The more your business grows, more raw data you collect. Data about customers, products, working and more. Data analytics converts raw data into insights. It includes a range of tools and technologies to find trends. Data analytics can shape business processes, help decision-makers, and foster business growth.

Data analytics ensures data reaches to its fullest potential, help you better understand your users, customers, services. These insights help you adapt your approach for maximum efficiency and success.
In this post, we’ll explain big data analytics and explore how to use it in your organization.

What is Big Data?

Big data refers to the large and diverse datasets that grow at increasing rates. It encompasses the volume of information, the velocity at which it is created or collected, and the variety of the datapoints being covered.
In other words, big data extracts meaningful data by analyzing the huge amount of complex, variously data generated at high speed, that cannot be handled by traditional system.

Big Data Infographic

big_data_infographic

What is Big Data Analytics?

Data analytics has been around for years in the form of business intelligence and data mining softwares.
Big Data analytics is the process used to extract meaningful insights from very large and diverse big datasets that include structured, semi-structured and unstructured data, from different sources, and in different sizes from terabytes to zettabytes.
Big Data analytics provides various advantages. it can be used for better decision making, preventing fraudulent activities, among other things.
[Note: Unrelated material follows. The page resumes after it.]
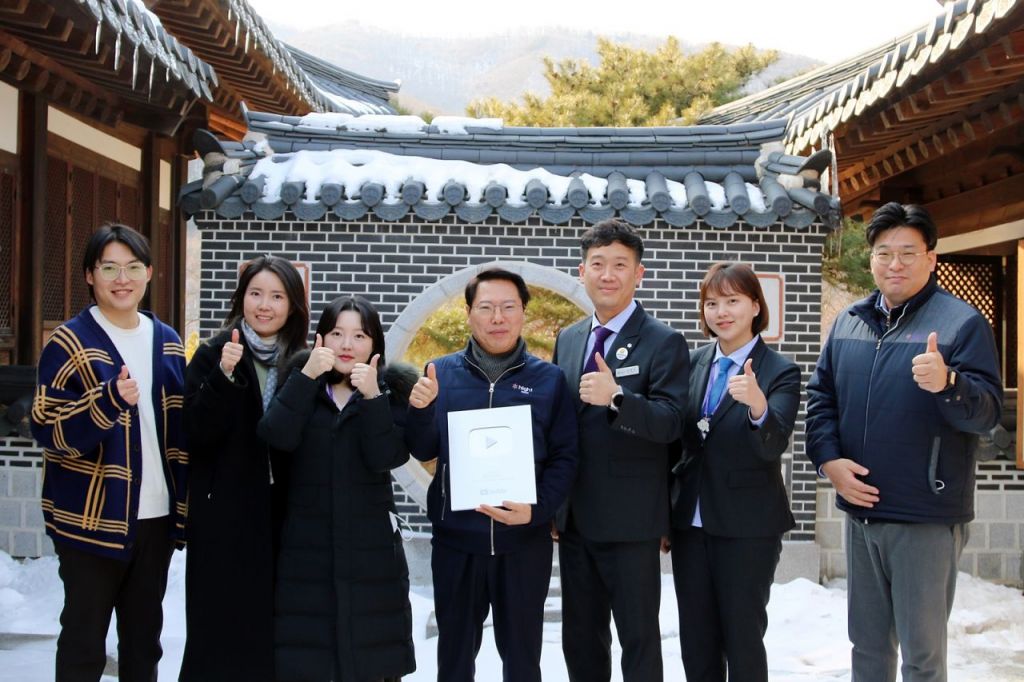 이삼걸 강원랜드 대표(왼쪽 네 번째)가 하이원리조트 공식 유튜브 채널의 실버버튼을 들고 직원들과 기념촬영하고 있다.[사진제공=강원랜드]

It uses several techniques, tools to process and examine meaningful information from massive datasets. Through this, you can uncover valuable insights, patterns, and trends to make informed decisions. We typically use this analytic when our dataset is too large or complicated for traditional data processing systems.

Benefits of Big Data Analytics

  • Risk Management
    • Organizations use it analytics to identify fraudulent activities. The organizations leverage it to narrow down root causes of problems.
  • Development and Innovations
    • Large manufacturers use it to analyze how efficient the product design is and if there is any need for improvements.
  • Better Decision Making
    • companies leverage it to decide if a particular location would be suitable for a new outlet or not. They will analyze different factors, such as population, demographics, accessibility of the location, and more.
  • Improve Customer Experience
    • Every business can use it to improve customer experiences. They monitor feedback to find out their customers’ experience what’s necessary to remedy the situation.
  • Business Transformation
    • MIT sloan management survey report, 57 percent of enterprises surveyed said their use of analytics was helping them achieve competitive advantage.
  • Innovation
    • This analytic help companies develop products and services that appeal to their customers, as well as helping them identify new opportunities for revenue generation.
  • Increase Security
    • By applying this analytic technique to security softwares, organizations can sometimes identify and thwart cyberattacks that would otherwise have gone unnoticed.

How does Big Data Analytics work?

  1. Collection
    • Gathering data from various sources, such websites and transactions. This data can be structured, unstructured, or semi-structured.
  2. Store
    • Storage can handle a large volume of data and provide fault tolerance.
  3. Preprocessing
    • Preprocessing could involve handling missing values, standardizing values, remove noises, and structuring the data into a suitable format.
  4. Integration
    • Data integration combines the data into a unified format, because they comes from various sources and in different formats.
  5. Processing
    • Organizations use frameworks to process big data.
  6. Visualization
    • After process visualization helps you communicate complex insights in an understandable and accessible way.
  7. Interpretation
    • Interpret the insights gained from your analysis to draw conclusions and make data-backed decisions. These decisions impact business strategies, processes, and operations.
  8. Analysis result
    • This is the last step of analytic, where the final results of the analysis are made available to decision makers who will take action.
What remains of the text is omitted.